Selective knowledge erasure from LLMs is critical for GDPR compliance and model safety, yet current unlearning methods conflate behavioral suppression with true knowledge removal, allowing latent capabilities to persist beneath surface-level refusals. In this work, we address this challenge by introducing Knowledge Immunization Framework (KIF), a representation-aware architecture that distinguishes genuine erasure from obfuscation by targeting internal activation signatures rather than surface outputs. Our approach combines dynamic suppression of subject-specific representations with parameter-efficient adaptation, enabling durable unlearning without full model retraining. KIF achieves near-oracle erasure (FQ approx 0.99 vs. 1.00) while preserving utility at oracle levels (MU = 0.62), effectively breaking the stability-erasure tradeoff that has constrained all prior work. We evaluate both standard foundation models (Llama and Mistral) and reasoning-prior models (Qwen and DeepSeek) across 3B to 14B parameters. Our observation shows that standard models exhibit scale-independent true erasure (<3% utility drift), while reasoning-prior models reveal fundamental architectural divergence. Our comprehensive dual-metric evaluation protocol, combining surface-level leakage with latent trace persistence, operationalizes the obfuscation - erasure distinction and enables the first systematic diagnosis of mechanism-level forgetting behavior across model families and scales.
Paper Structure (36 sections, 6 equations, 4 figures, 12 tables)

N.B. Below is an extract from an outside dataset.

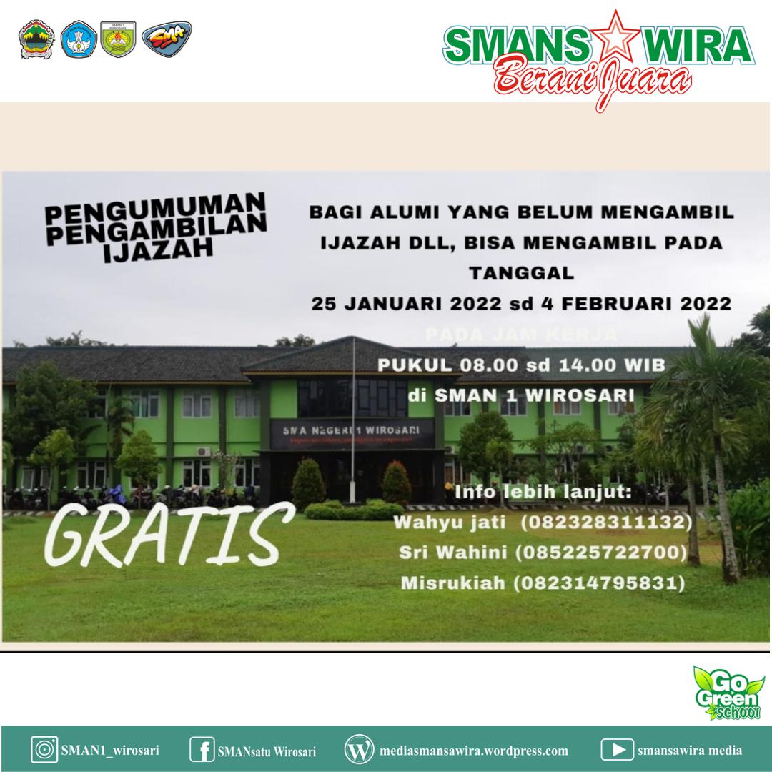 Bagi alumni SMAN 1 Wirosari yang merasa belum mengambil Ijazahnya ayo segera buruan diambil di SMAN 1 Wirosari Kabupaten Grobogan mumpung masih ada wa...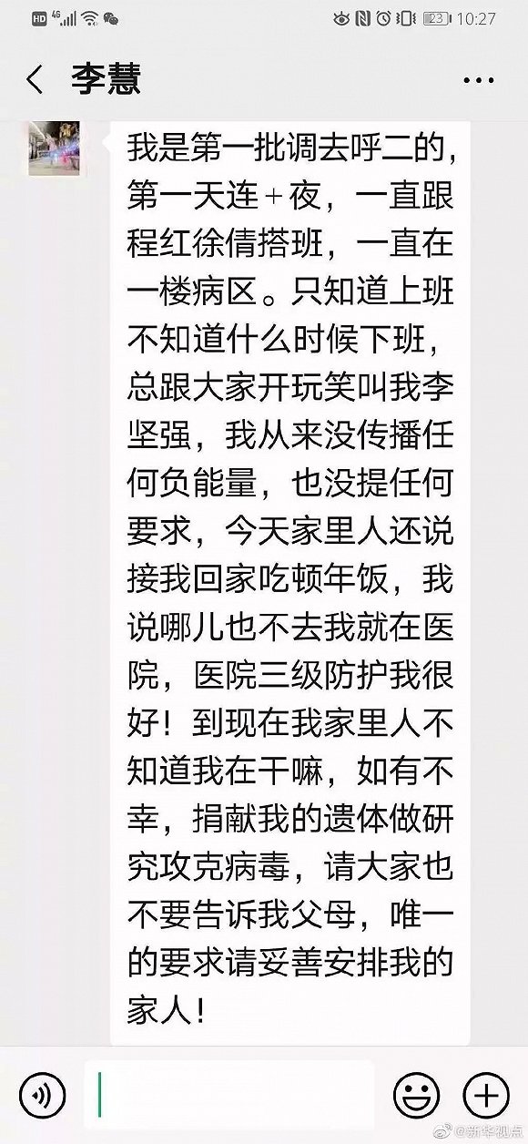 她给护理部发了一段话

This paper contains 36 sections, 6 equations, 4 figures, 12 tables.

Figures (4)

  • Figure 1: Comparison of approaches: while standard methods may yield obfuscation that hides answers without removing latent knowledge, KIF targets the internal signature to achieve true erasure.
  • Figure 2: Knowledge Immunization Framework (KIF) pipeline. Subject-driven prompts are used to probe MLP-layer activations, from which subject-specific activation signatures are mined. These signatures instantiate lightweight suppression capsules attached to high-salience MLP layers for immediate suppression. A self-healing loop distills this behavior into a global LoRA adapter, yielding durable parameter-level unlearning where targeted knowledge is completely removed from the model weight
  • Figure 3: EL10 ratio (log scale; left axis) and surface leakage (SMR; right axis). Standard models maintain low internal activation (EL10 $<1$) regardless of size, whereas reasoning models display a distinct capacity-dependent U-curve.
  • Figure 4: Distribution of extracted knowledge triples per subject. The dataset exhibits class imbalance, with Beyoncé (18.0%) and Taylor Swift (15.7%) having the highest representation, compared to minority classes like Queen (2.0%).